Net loans increased by $57.2 million, to $472.1 million at December 31, 2008 from $414.9 million at December 31, 2007. The increase in net loans was primarily the result of an increase in commercial and industrial loans and commercial real estate loans. Commercial and industrial loans increased $37.3 million to $153.9 million at December 31, 2008 from $116.5 million at December 31, 2007. Commercial real estate loans increased $33.9 million to $223.9 million at December 31, 2008 from $190.0 million at December 31, 2007.

Nonperforming loans increased $7.6 million to $8.8 million at December 31, 2008 compared to $1.2 million at December 31, 2007. This represented 1.83% of total loans at December 31, 2008 and 0.29% of total loans at December 31, 2007. The increase was primarily the result of a manufacturing commercial loan relationship of $5.5 million and an agricultural commercial loan relationship of $1.7 million.

General.Westfield Financial's consolidated results of operations are comprised of earnings on investments and the net income recorded by its principal operating subsidiary, Westfield Bank. Westfield Bank's consolidated results of operations depend primarily on net interest and dividend income. Net interest and dividend income is the difference between the interest income earned on interest-earning assets and the interest paid on interest-bearing liabilities.
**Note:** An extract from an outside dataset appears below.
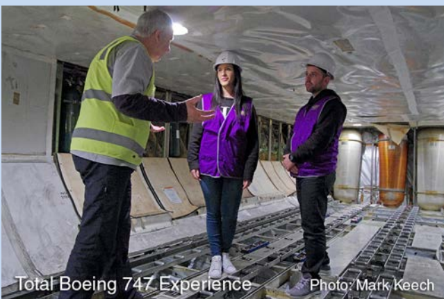
Total Boeing 747 Experience

Bookings are limited to two guests per tour. The cost is $100.00 per person and is payable at time of booking.

Interest-earning assets consist primarily of commercial real estate loans, commercial and industrial loans, residential real estate loans, consumer loans, mortgage-backed securities and investment securities. Interest-bearing liabilities consist primarily of certificates of deposit and money market account, NOW account and savings account deposits and borrowings from the Federal Home Loan Bank of Boston. The consolidated results of operations also depend on provision for loan losses, noninterest income, and noninterest expense. Noninterest expense includes salaries and employee benefits, occupancy expenses and other general and administrative expenses. Noninterest income includes service fees and charges, income on bank-owned life insurance, and gains (losses) on securities.

Critical Accounting Policies. Westfield Financial's accounting policies are disclosed in Note 1 to the Consolidated Financial Statements. Given Westfield Financial's current business strategy and asset/liability structure, the more critical policies are accounting for nonperforming loans, the allowance for loan losses and provision for loan losses, the classification of securities as either held to maturity or available for sale, other than temporary impairment of securities, and the valuation of deferred taxes. In addition to the informational disclosure in the Notes to the Consolidated Financial Statements, Westfield Financial's policy on each of these accounting policies is described in detail in the applicable sections of "Management's Discussion and Analysis of Financial Condition and Results of Operations." Senior management has discussed the development and selection of these accounting estimates and the related disclosures with the Audit Committee of Westfield Financial's Board of Directors.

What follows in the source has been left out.